# PURSUE Python for HEP: Dictionaries and Arrays

## Review of dictionary interface
* In dicitonaries, a key is mapped to some sort of value of arbitrary type. The key can be a string or integer.

In [None]:
some_dict = {
    "word": 1,
    "another word": 2,
    45: 29
}

some_dict["word"]

* You can add new key-value pairs in the following way:

In [None]:
some_dict["cool key"] = "values can be of any type!"

some_dict

* You can obtain the values and keys using the following methods

In [None]:
print(some_dict.values())
print(some_dict.keys())

* And, if you are going to iterate over the dictionary and accesing both simulaneously is something you'd like to do, you can use `.items()`

In [None]:
for key, value in some_dict.items():
    print(key, value)

## A Quick Review of Arrays
* Lists and arrays are similar, but not the same thing in Python. Here are the main differences between then
  * Type and structure
    * Lists can store elements of different data types, are dynamically sized and are implemented as linked lists
    * Numpy arrays can only store the same data type, has a fixed size once created and is implemented as contiguous blocks of memory.
  * Performance
    * Lists < Numpy
    * Numpy makes use of highly optimized compiled code
    * Allows for vectorized operations
  * Features
    * Numpy has a wider range of mathematical functions and operations, supports broadcasting and provides advanced indexing and slicing capabilities
* When running numerical computations involving a collection of numbers, the usual object of choice is the NumPy array. With these we can perform fast computations.

In [None]:
import numpy as np

arr1 = np.array(
    [1, 2, 3, 4, 5]
)

arr2 = np.array(
    [5, 4, 3, 2, 1]
)

In [None]:
%%timeit
# Slow way
sumrslt = []
for i, j in zip(arr1, arr2):
    sumrslt.append(i + j)
sumarr = np.array(sumrslt)

In [None]:
%%timeit
# Faster way!
rsltarr = arr1 + arr2 # It also looks much nicer!

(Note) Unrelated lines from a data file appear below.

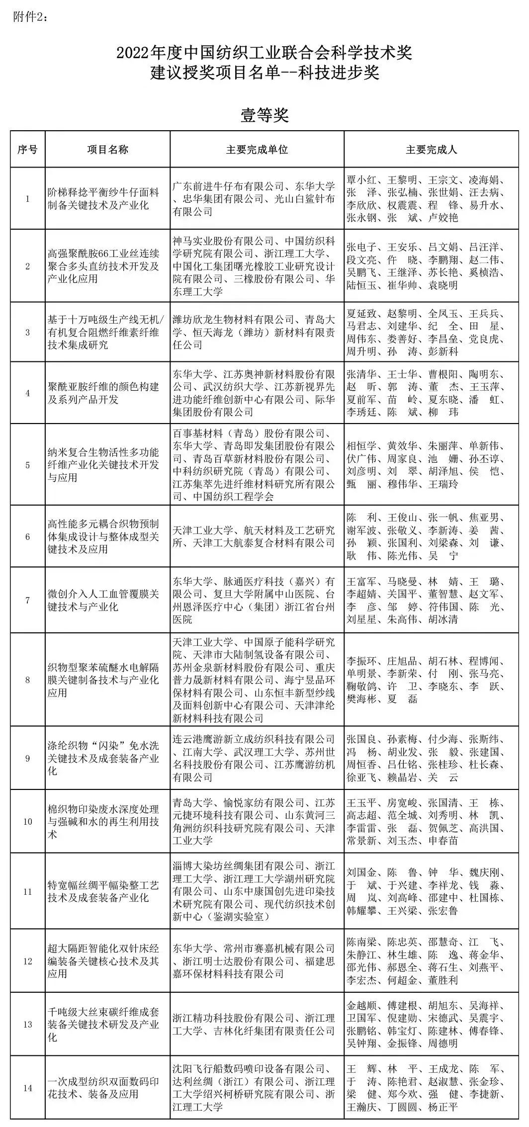 2022年中國紡織工業(yè)聯(lián)合會科學(xué)技術(shù)獎建議授獎項(xiàng)目公示
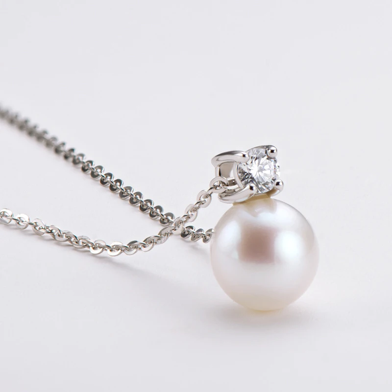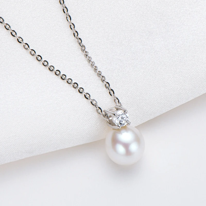 Название:Knobspin, 100% Стерлинговое Серебро 925 пробы, 2021, модное классическое ожерелье с белым жемчугом и высокоуглеродным бриллиантом для женщин, ювелирные украшения для свадьбы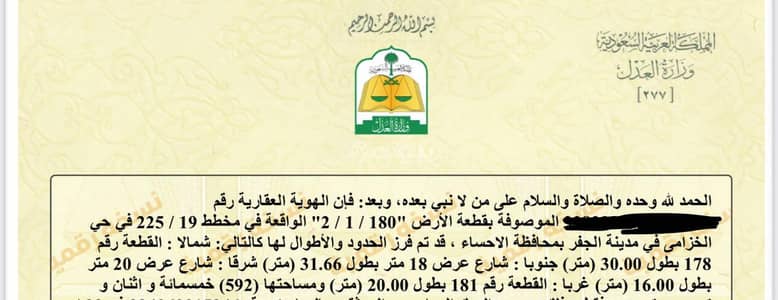 For Sale | Land in Al-Ahsa - Al-Jafr Al-Khuzama District -
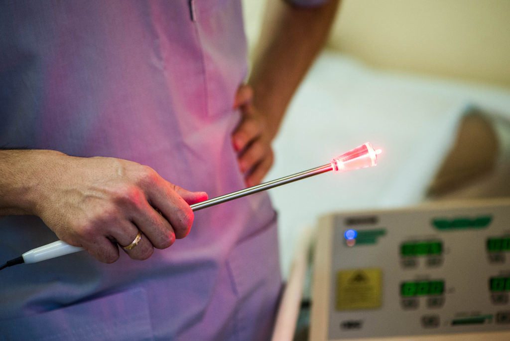 - фотодинамическую терапию с введением лекарства и использованием лазерного луча, уничтожающего аномальные клетки;

* Vectorized operations such as the ones allowed by numpy are not only faster, but, as you can see, have a more elegant syntax.
* Numpy allows us to perform a slew of vectorized operations. In the following cell, we illustrate these operations.

In [None]:
# Mathematical operations
print("{} - {} = {}".format(arr1, arr2, arr1 - arr2))
print("{} / {} = {}".format(arr1, arr2, arr1 / arr2))
print("{} * {} = {}".format(arr1, arr2, arr1 * arr2))
print("{} % {} = {}".format(arr1, arr2, arr1 % arr2))
print()

# Comparison operations
eq_comp = arr1 == arr2
print("{} == {} = {}".format(arr1, arr2, eq_comp))

ineq_comp = arr1 != arr2
print("{} != {} = {}".format(arr1, arr2, ineq_comp))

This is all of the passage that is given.